Tuesday, December 8, 2009

Yahoo! Prices Member Privacy at $60, Army Advancing Armor Research

West Palm Beach, FL (AHN) - For some, it is a comfort to know that Yahoo will work with law enforcement if necessary to catch criminals, rifling through their private messages to get the job done. However, the cost for such an invasion -- $60.

For $20, Yahoo will turn over to authorities basic user ID information. Between $30 and $40, they will give contents of subscriber accounts, including e-mail.
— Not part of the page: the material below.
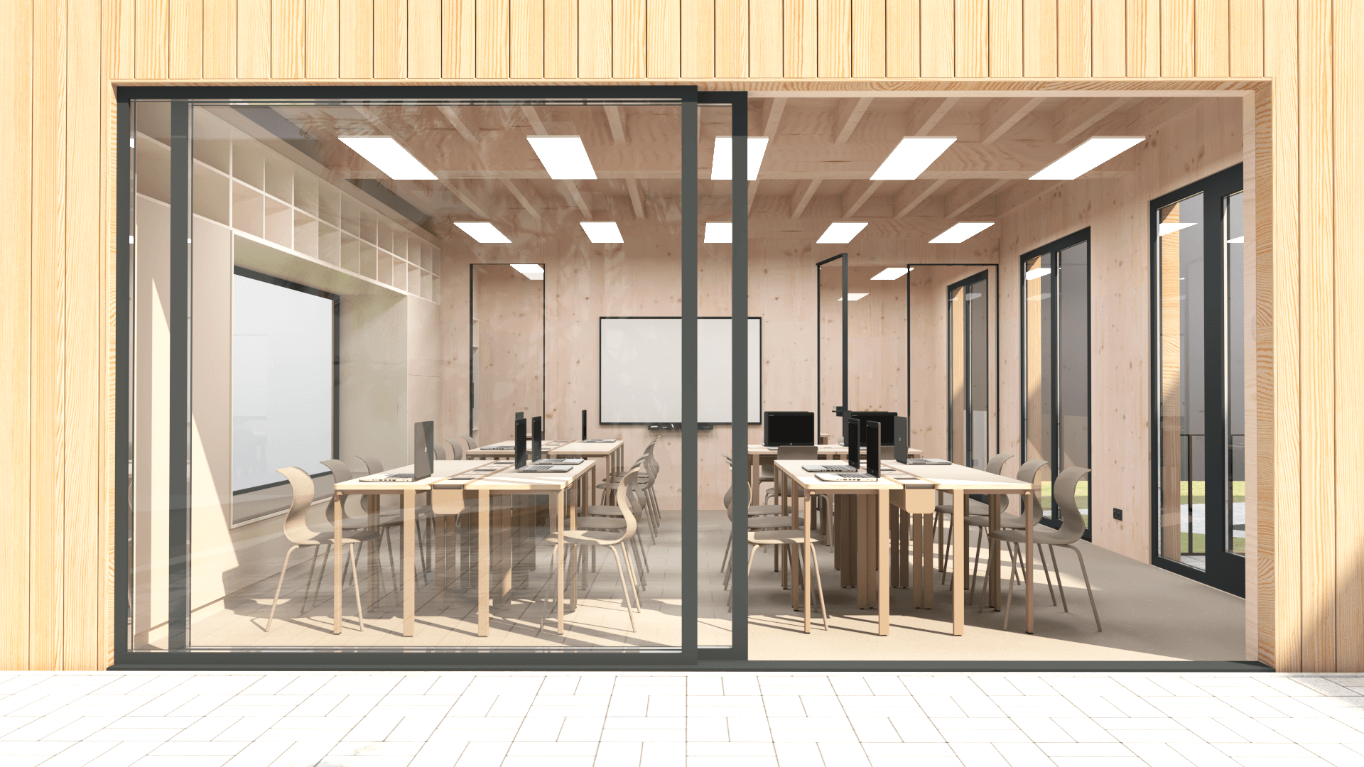 Při návrhu pracujeme s orientací ke světovým stranám, s mikroklimatem místa, se vztahem k okolní zeleni i s pohledy do krajiny. Učebna se tak nestává cizorodým prvkem, ale přirozenou součástí školního nebo obecního areálu. Architektura ViVA VEN je otevřená, čitelná a srozumitelná – děti i dospělí se v ní orientují intuitivně a vnímají ji jako prostor, který k místu patří.

And for $60, authorities can obtain access to all the contents to an account, including logs of Yahoo Groups.

But Yahoo is not the only company cooperating with authorities in this manner. In 2008, government officials made 8 million requests for to Sprint to turn over GPS information.

Matthew Sullivan, Sprint Nextel, in a letter to All Headline News explains that figure:

"The '8 million' figure does not represent the number of customers whose location information was provided to law enforcement, nor does it represent the instances or cases in which law enforcement contacted Sprint seeking customer location information.

Instead, the figure represents the number of individual automated requests, or "pings", for specific location information, made to the Sprint network as part of a series of law enforcement investigations and public safety assistance requests during the past year.

The critical point is that a single case or investigation may generate thousands of individual requests to the network as the law enforcement or public safety agency attempts to track or locate an individual over the course of days or weeks.

As a result, the 8 million automated requests or pings were generated by thousands (not millions) of instances in which law enforcement or public safety agencies sought customer location information.

Several thousand instances over the course of a year should not be shocking given that Sprint has more than 47 million customers and requests from law enforcement and public safety agencies are due to a variety of circumstances: exigent or emergency situations (missing person cases), criminal investigations, or cases where a Sprint customer consents to sharing location information (car is stolen and owner realizes his phone is in the car so he allows law enforcement to track his phone).

In all cases Sprint requires a valid legal request appropriate for the circumstances, meaning the request must be accompanied by either a subpoena, court order or customer consent. In all cases, Sprint complies with applicable state and federal laws."